House Financial Services Unanimously Passes Maloney Bill to Close Trading Loophole
WASHINGTON, DC – The House Committee on Financial Services today passed Congresswoman Carolyn B. Maloney’s (D-NY) H.R. 4335, the 8-K Trading Gap Act, unanimously out of committee.
The 8-K Trading Gap Act would fix a loophole in our current law that allows corporate executives to trade on information before it’s disclosed to the public and to their own shareholders. Right now, when there’s a significant corporate event at a public company, the company has to disclose that significant event to the public by filing a Form 8-K within four days of the event occurring. During this four-day gap, executives at the company know about the significant event, but other investors don’t.
“Corporate executives shouldn’t be allowed to trade on significant information before it’s disclosed to the public and to investors, but that’s exactly what they do because of a legal loophole,” said Rep. Maloney. “My bill has a very simple solution to this problem; prohibiting executives from trading during the four-day gap between when an event happens and when the company publicly files a Form 8-K to alert the public and shareholders of the event. Given the unanimous, bipartisan support for this bill in our committee, I hope the bill will pass the full House and Senate quickly with bipartisan support. It’s just commonsense.”

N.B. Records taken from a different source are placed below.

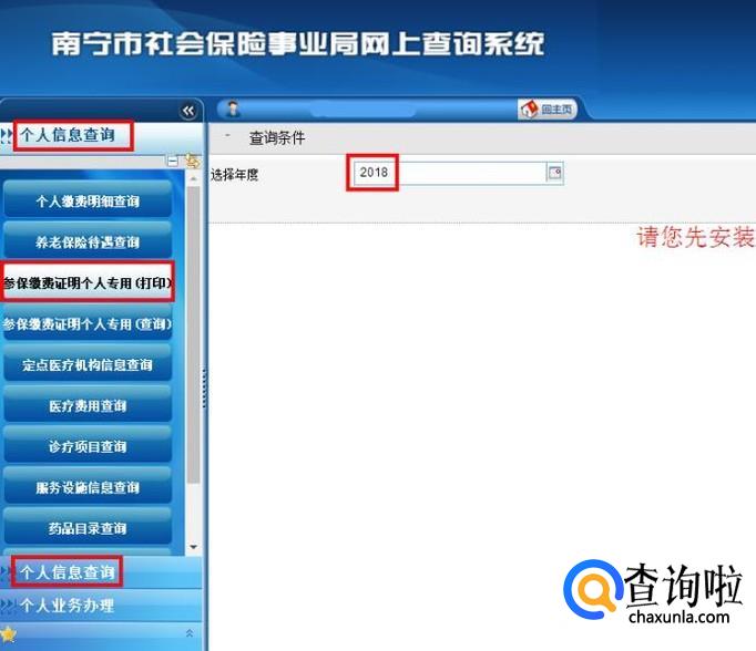 进入到系统页面,可以看到个人信息查询栏有“参保缴费证明个人专用(打印)”,选择该选项,再选择年度,点击右边的查询按钮之前,确保已安装PDF阅读器,不过一般浏览器会支持的;
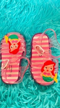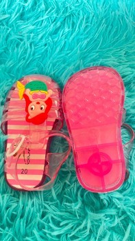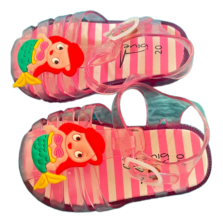 Kids jelly sandals with a mermaid detail. Transparent pink color with striped insole and adjustable ankle strap. Size 20.
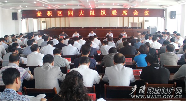 6月9日,麦积区召开四大组织联席会议,全面听取全区重点项目建设情况,分析全区经济运行面临的基本形势,进一步统一区四大组织领导以及乡镇、部门领导干部的思想认识,督促大家寻找问题、找准差距,靠实责任、强化措施,全力加快全区重点项目建设进度,确保完成今年的各项工作任务。

The Senate companion to H.R. 4335 has been introduced by Senator Chris Van Hollen (D-MD).
“When a corporation faces a big change — like a data breach, merger, or acquisition — public transparency is necessary to prevent insider trading and protect retail investors. Once corporate insiders recognize they have a duty to inform the public about a material event they should be immediately barred from selling their stock. Giving them four days to cash in on inside information is a total abuse of the public trust. This legislation will help close that loophole, hold all companies accountable, and protect shareholders. I salute Representative Maloney for her sponsorship of this bill and the House Financial Service Committee for taking bipartisan action. I urge the Senate Banking Committee to follow suit without delay,” said Senator Van Hollen.
H.R. 4335 would require public companies to put in place policies and procedures that are reasonably designed to prohibit officers and directors from trading company stock after the company has determined that a significant corporate event has occurred, but before the company has filed a Form 8-K with the SEC disclosing such event. This would prevent corporate insiders from inappropriately taking advantage of non-public information for their own personal gain.